## REQUIREMENT
The entries that follow should come back exactly, with no pictures among them.

### RECORDS SUPPLIED

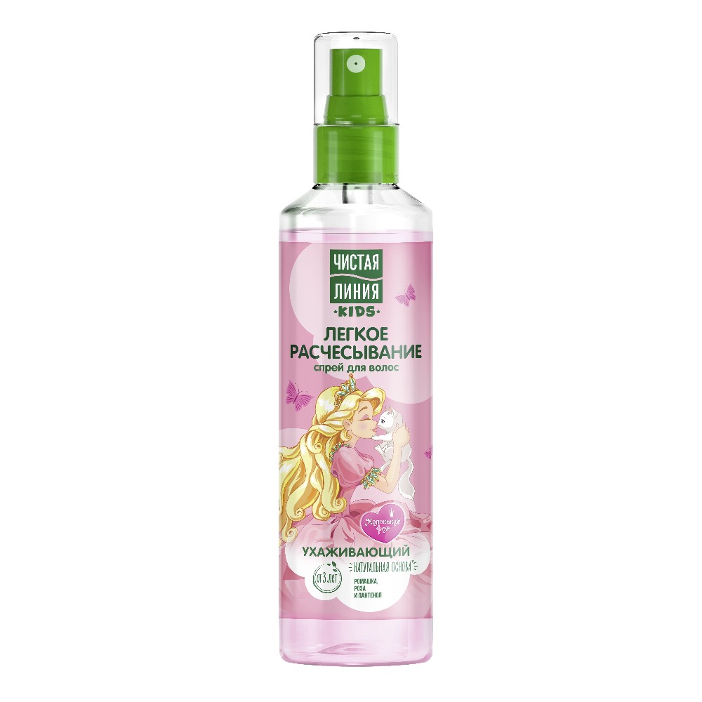 Спрей для волос «Легкое расчесывание от 3 лет» Kids от бренда Чистая линия всего за пару мгновений распутает даже самые строптивые детские локоны.
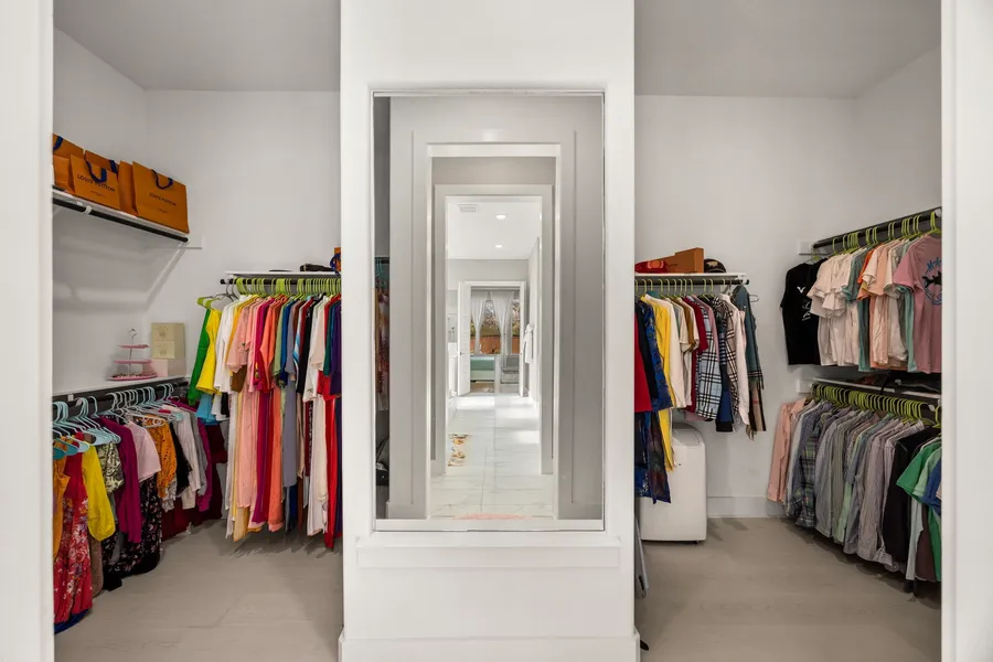 Chef's kitchen features top stainless steel appliances, ceiling height cabinetry with accent lighting, oversized island, quartz countertops, pot filler, & walk-in butler's pantry.
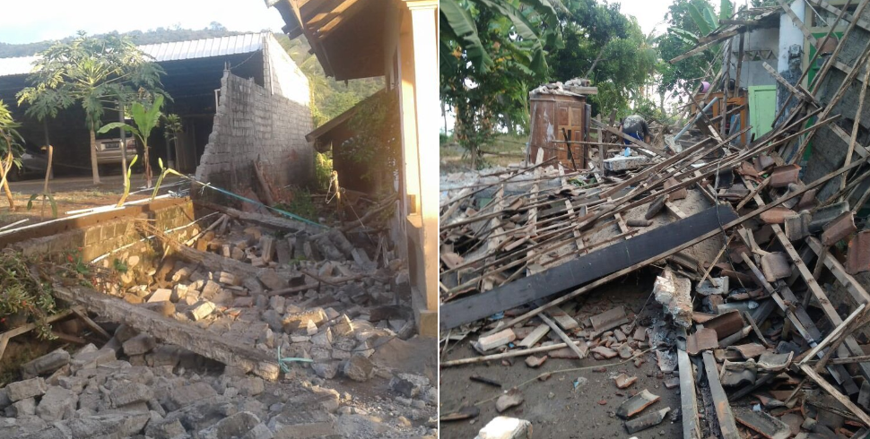 Ο Σουτόπο Πούρβο Νουγκρόχο, εκπρόσωπος της υπηρεσίας αντιμετώπισης καταστροφών, μεταφόρτωσε στη ροή του στον ιστότοπο κοινωνικής δικτύωσης Twitter φωτογραφίες που εικονίζουν σπίτια οι τοίχοι και οι οροφές των οποίων έχουν καταρρεύσει.
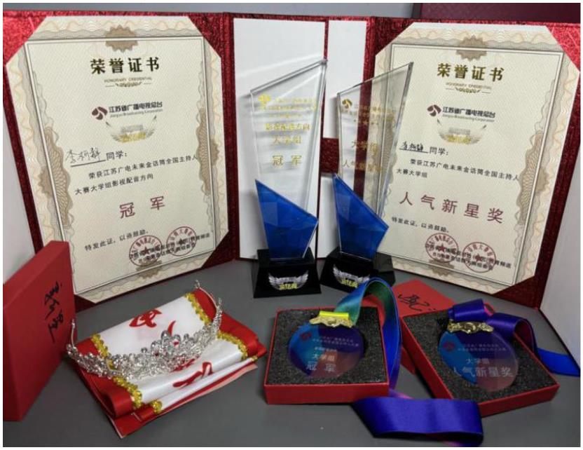近日,第十届江苏广电“未来金话筒”全国主持人大赛在南京圆满落幕。金年金字招牌诚信至上电影学院 2021 级影视配音工作室的学生李柯静荣膺“大学组影视配音赛道全国冠军”。该项赛事由江苏省广播电视总台主办、江苏教育频道承办,是全国性的重要品牌赛事,旨在为全国在校大学生搭建展示平台,挖掘并培养新一代广播电视节目主持人。此赛事已连续成功举办十届,吸引了上万名选手积极参赛。
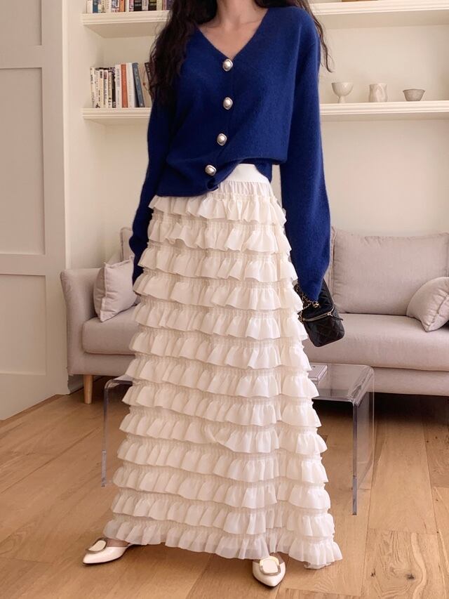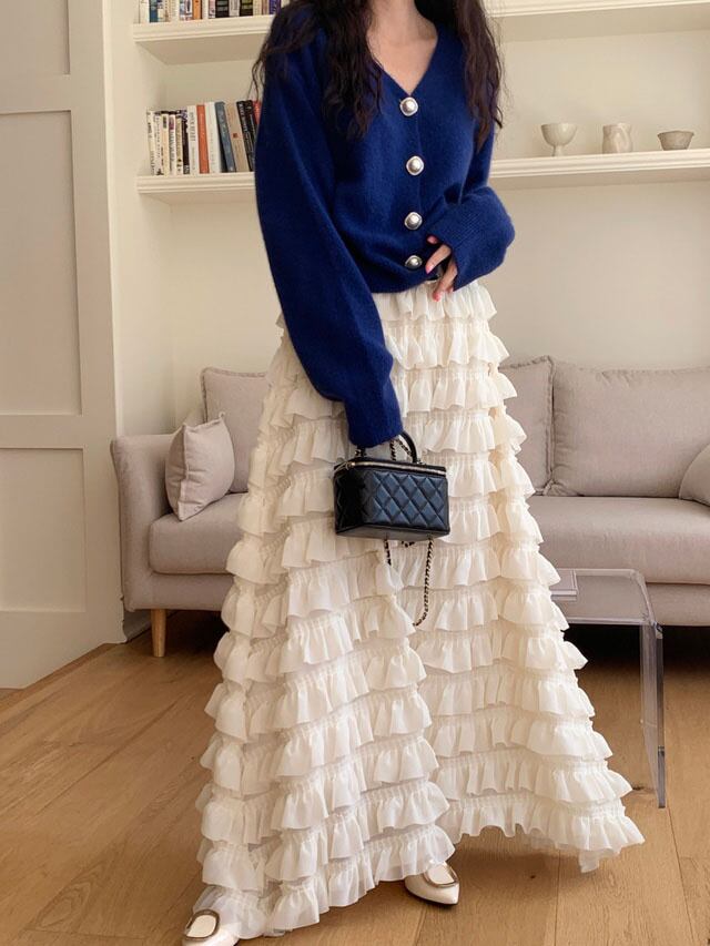 【韓国ファッション】大人可愛い オータムスタンダードVネックパールボタンニットカーディガンセーター ハイウェストウェストスカート レッド レトロ 秋物 真珠 ♡ 韓国87031803083 | パリジェンヌ、韓国系ファッション July

######

## RESULT FOR THIS EXERCISE
 Спрей для волос «Легкое расчесывание от 3 лет» Kids от бренда Чистая линия всего за пару мгновений распутает даже самые строптивые детские локоны.
 Chef's kitchen features top stainless steel appliances, ceiling height cabinetry with accent lighting, oversized island, quartz countertops, pot filler, & walk-in butler's pantry.
 Ο Σουτόπο Πούρβο Νουγκρόχο, εκπρόσωπος της υπηρεσίας αντιμετώπισης καταστροφών, μεταφόρτωσε στη ροή του στον ιστότοπο κοινωνικής δικτύωσης Twitter φωτογραφίες που εικονίζουν σπίτια οι τοίχοι και οι οροφές των οποίων έχουν καταρρεύσει.
近日,第十届江苏广电“未来金话筒”全国主持人大赛在南京圆满落幕。金年金字招牌诚信至上电影学院 2021 级影视配音工作室的学生李柯静荣膺“大学组影视配音赛道全国冠军”。该项赛事由江苏省广播电视总台主办、江苏教育频道承办,是全国性的重要品牌赛事,旨在为全国在校大学生搭建展示平台,挖掘并培养新一代广播电视节目主持人。此赛事已连续成功举办十届,吸引了上万名选手积极参赛。
 【韓国ファッション】大人可愛い オータムスタンダードVネックパールボタンニットカーディガンセーター ハイウェストウェストスカート レッド レトロ 秋物 真珠 ♡ 韓国87031803083 | パリジェンヌ、韓国系ファッション July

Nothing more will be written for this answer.